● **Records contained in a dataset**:
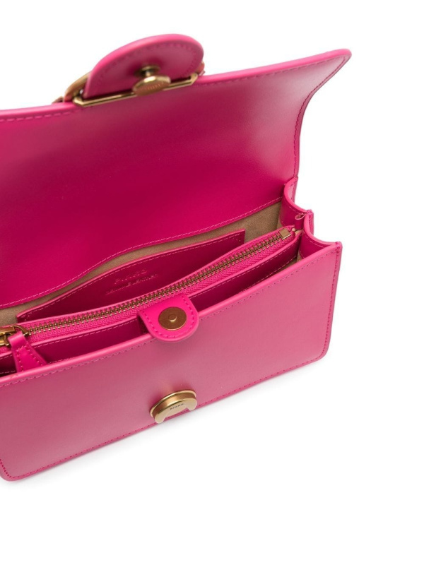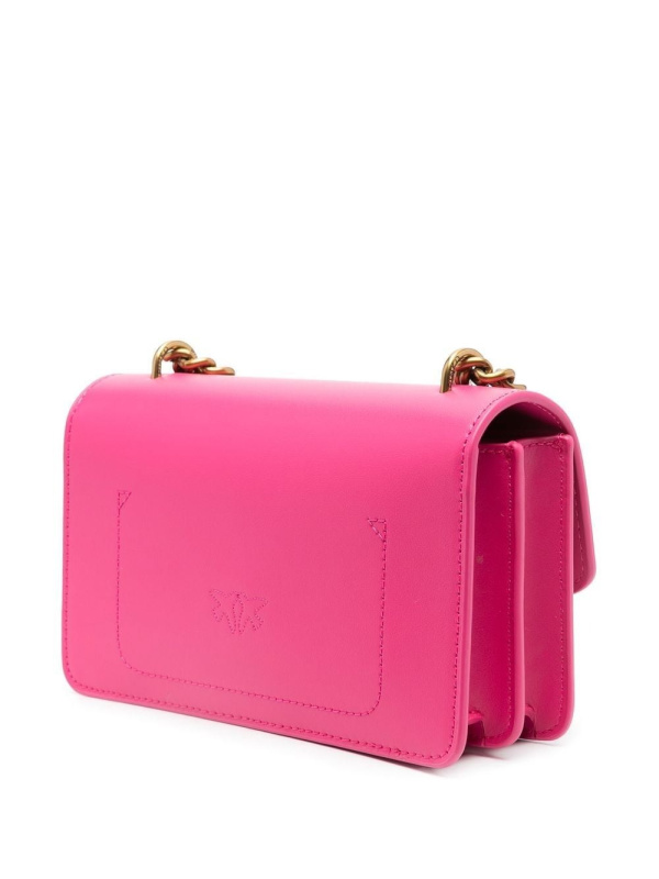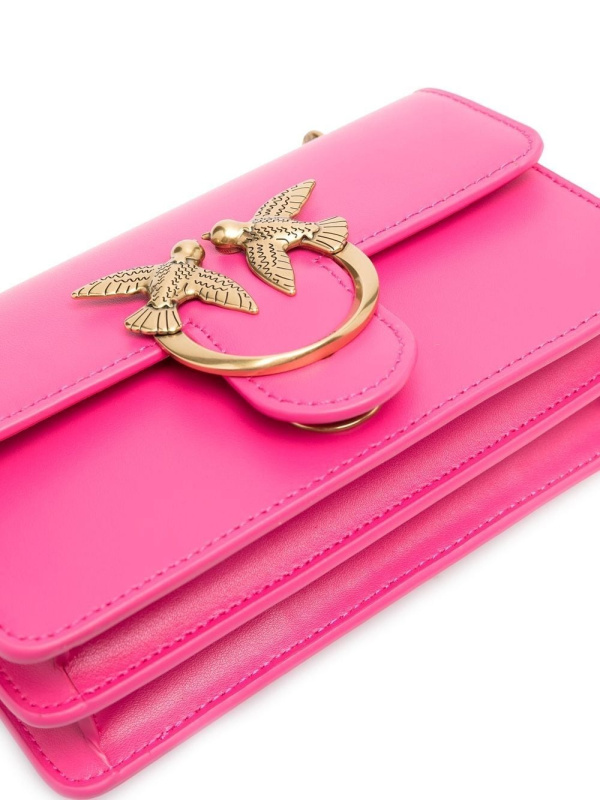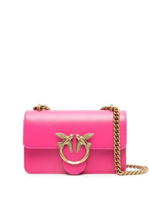 PINKO 'Love Birds' torba za rame s ružičastom, telećom kožom, prepoznatljivom kopčom Love Birds, gornjim dijelom na preklop s magnetskim kopčanjem, pregradom s pregradama, unutarnjim džepom s patentnim zatvaračem i podesivim kožnim i lančanim remenom za rame.
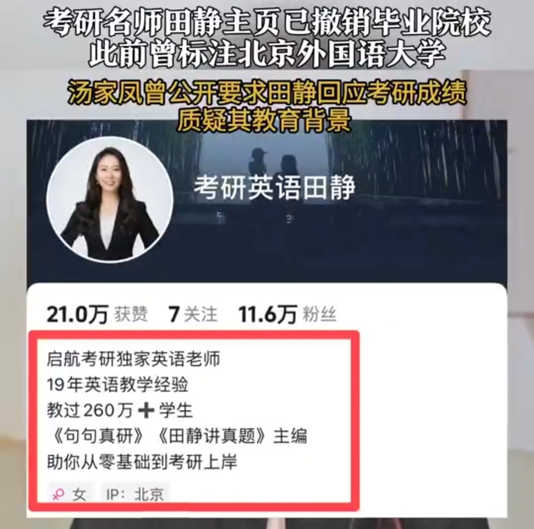 ▲田静的社交账号上已经无结业院校信息。图/社交平台截图
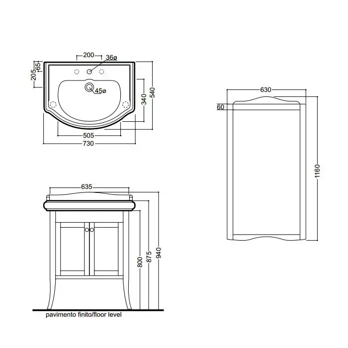 Kerasan Retro Комплект мебели, с закругленным фасадом, 73см, напольный, цвет: белый матовый
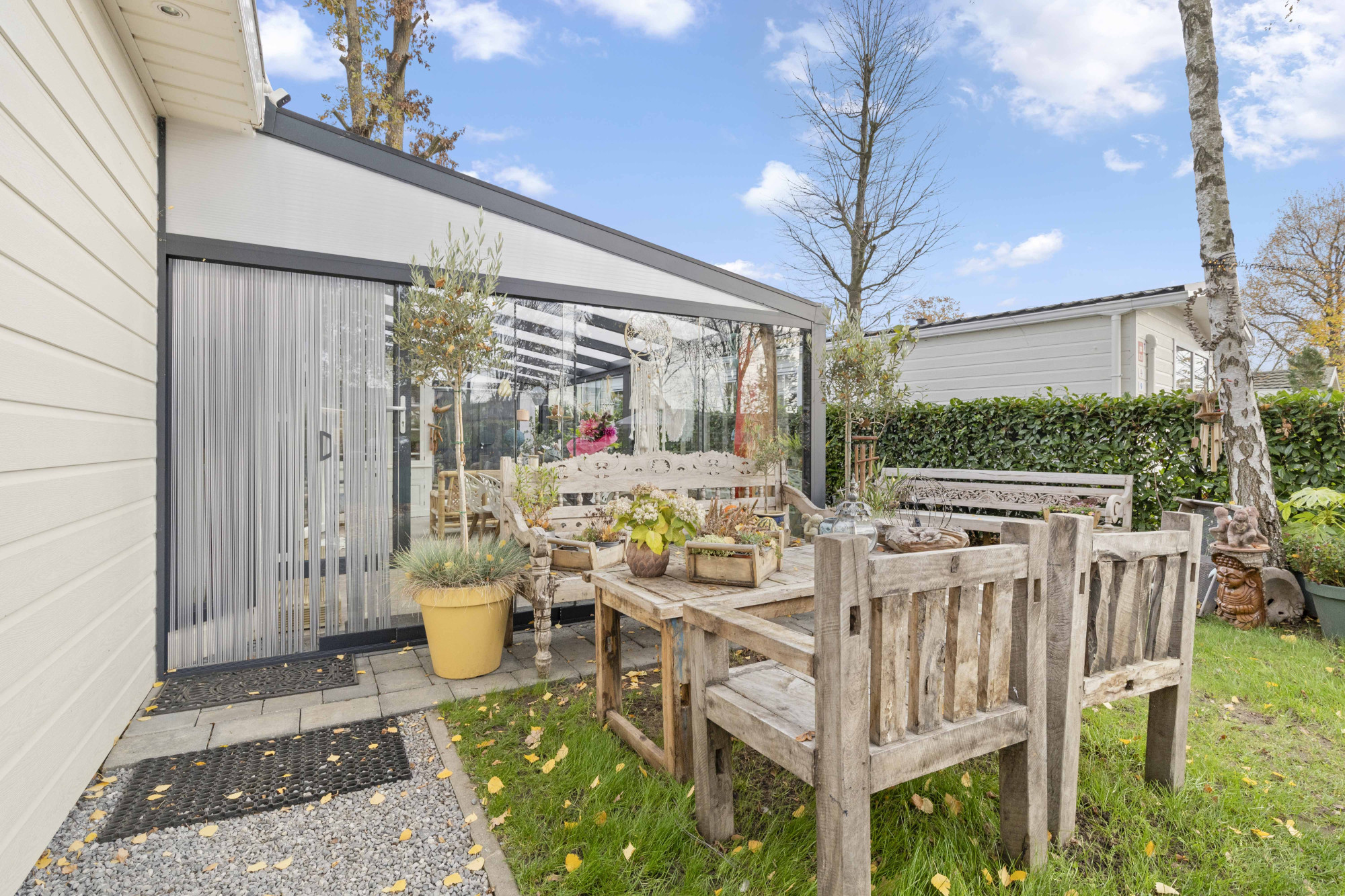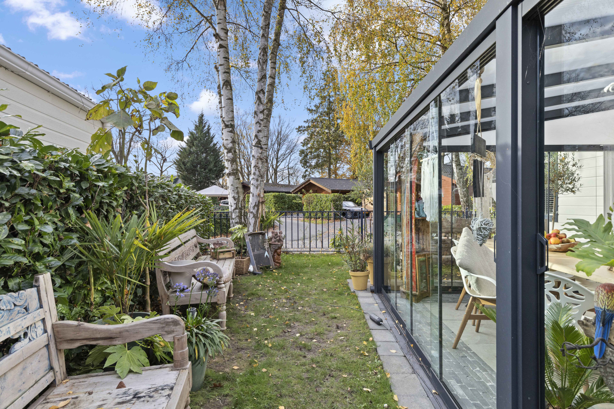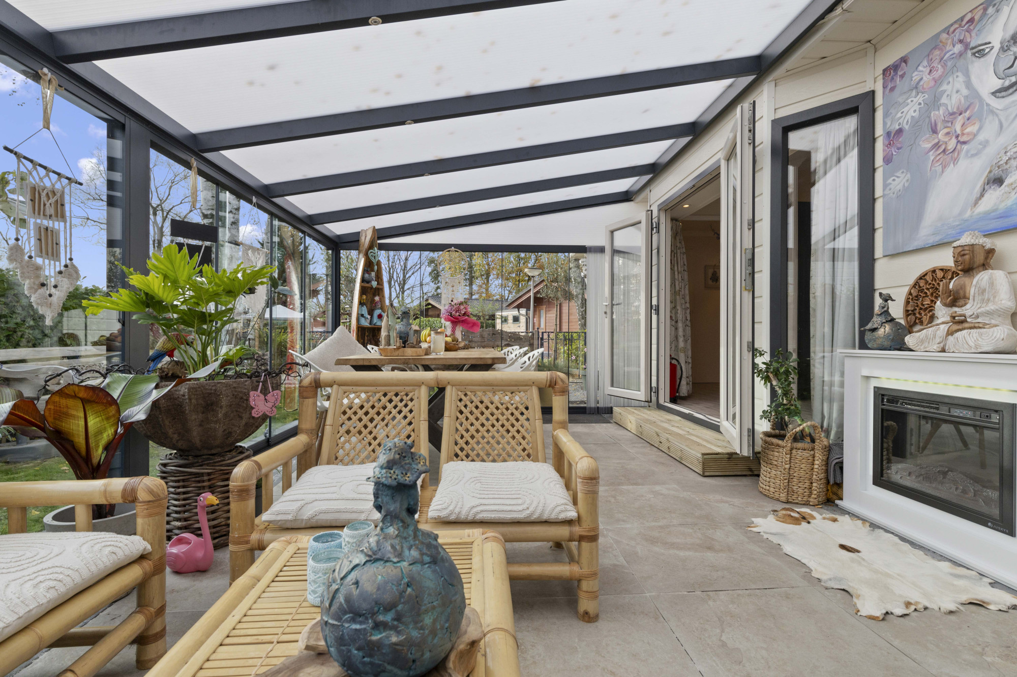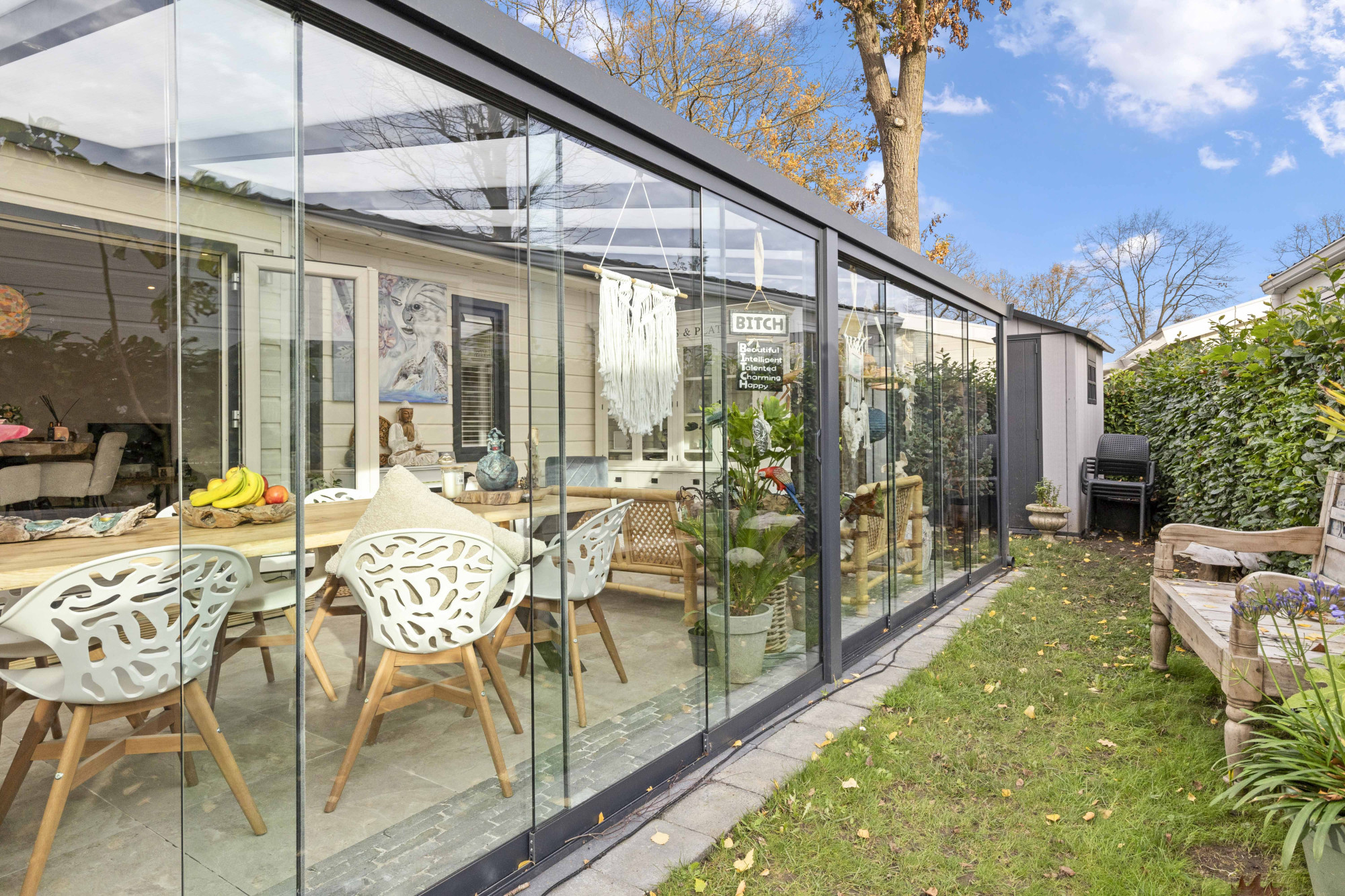Stap binnen in deze stijlvolle en moderne tuinserre, volledig omgeven door glas en voorzien van een elegante glazen schuifpui. De serre vormt een harmonieuze overgang tussen binnen en buiten, waardoor je in elk seizoen kunt genieten van natuurlijk licht, het uitzicht op de tuin en ultieme rust.
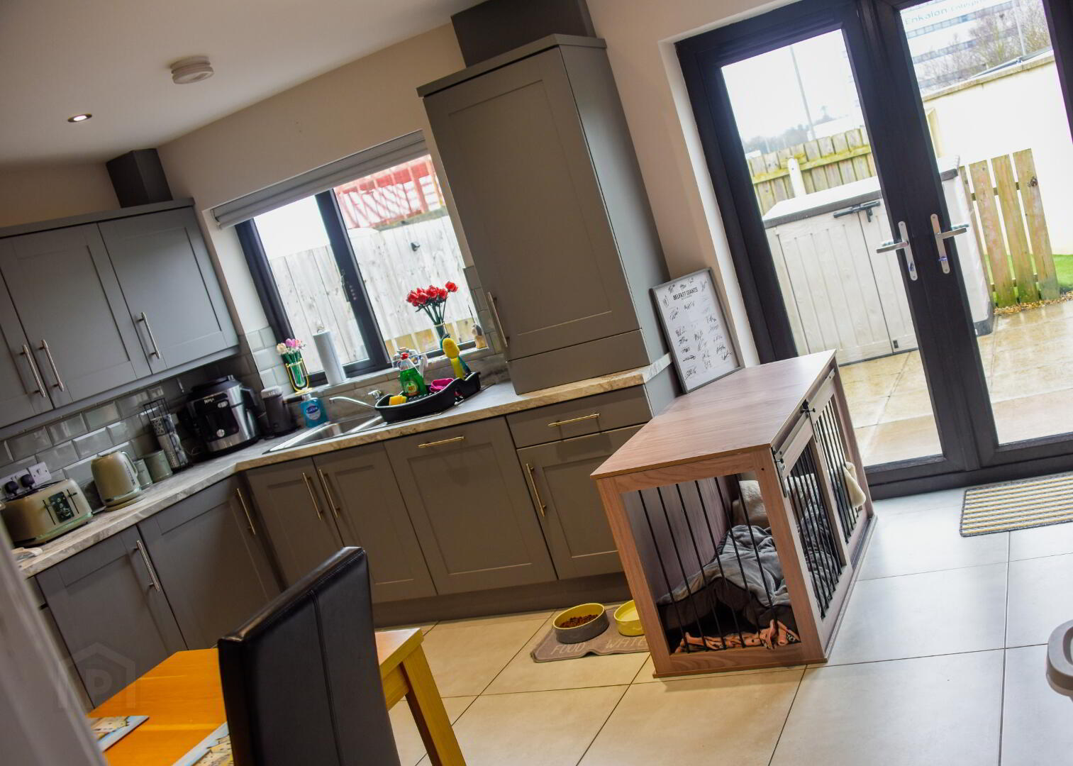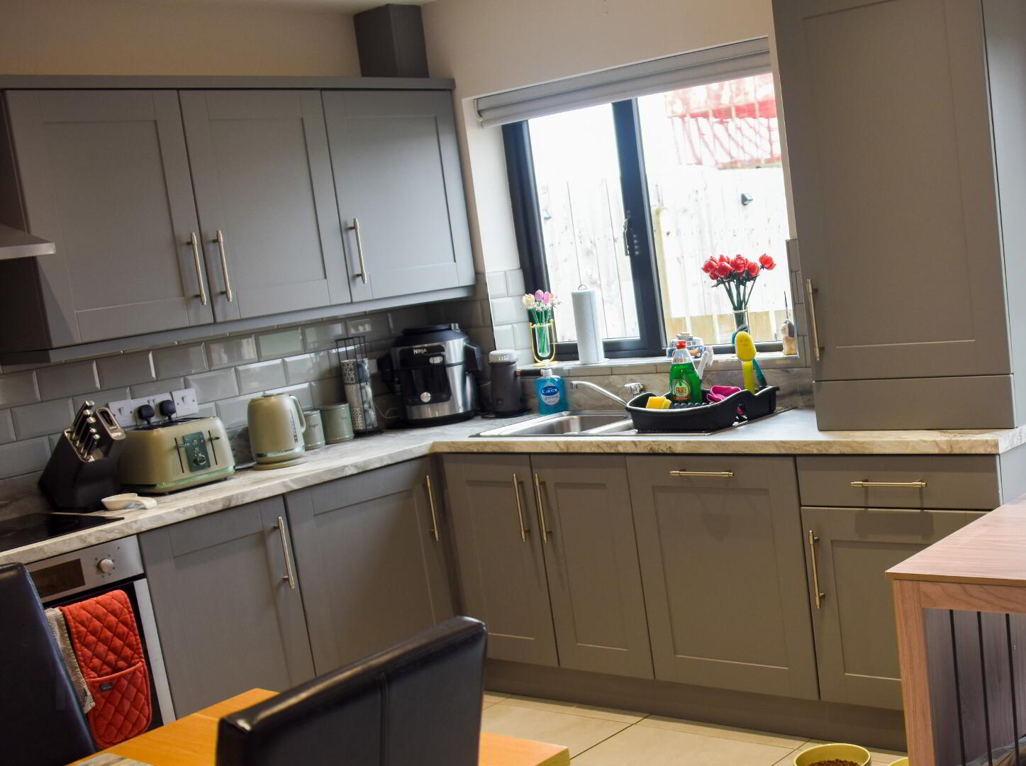 Kitchen -5.4m x 3.8m Tiled flooring, modern shaker style kitchen with all built in appliances to include fridge/freezer, washing machine and dishwasher,
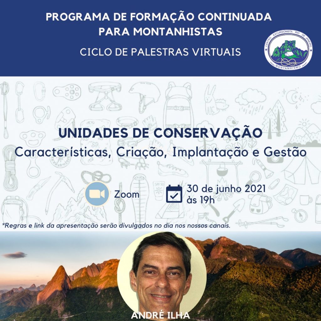 Para mais informações acesse: https://cerj.org.br/palestra-unidades-de-conservacao-caracteristicas-criacao-implantacao-e-gestao-andre-ilha-30-06-21/

● **WORK ORDER**: What should be set down is every line from the opening of the records through the line that contains "Kerasan Retro Комплект", exactly, with pictures left out.

● **REPLY**:
 PINKO 'Love Birds' torba za rame s ružičastom, telećom kožom, prepoznatljivom kopčom Love Birds, gornjim dijelom na preklop s magnetskim kopčanjem, pregradom s pregradama, unutarnjim džepom s patentnim zatvaračem i podesivim kožnim i lančanim remenom za rame.
 ▲田静的社交账号上已经无结业院校信息。图/社交平台截图
 Kerasan Retro Комплект мебели, с закругленным фасадом, 73см, напольный, цвет: белый матовый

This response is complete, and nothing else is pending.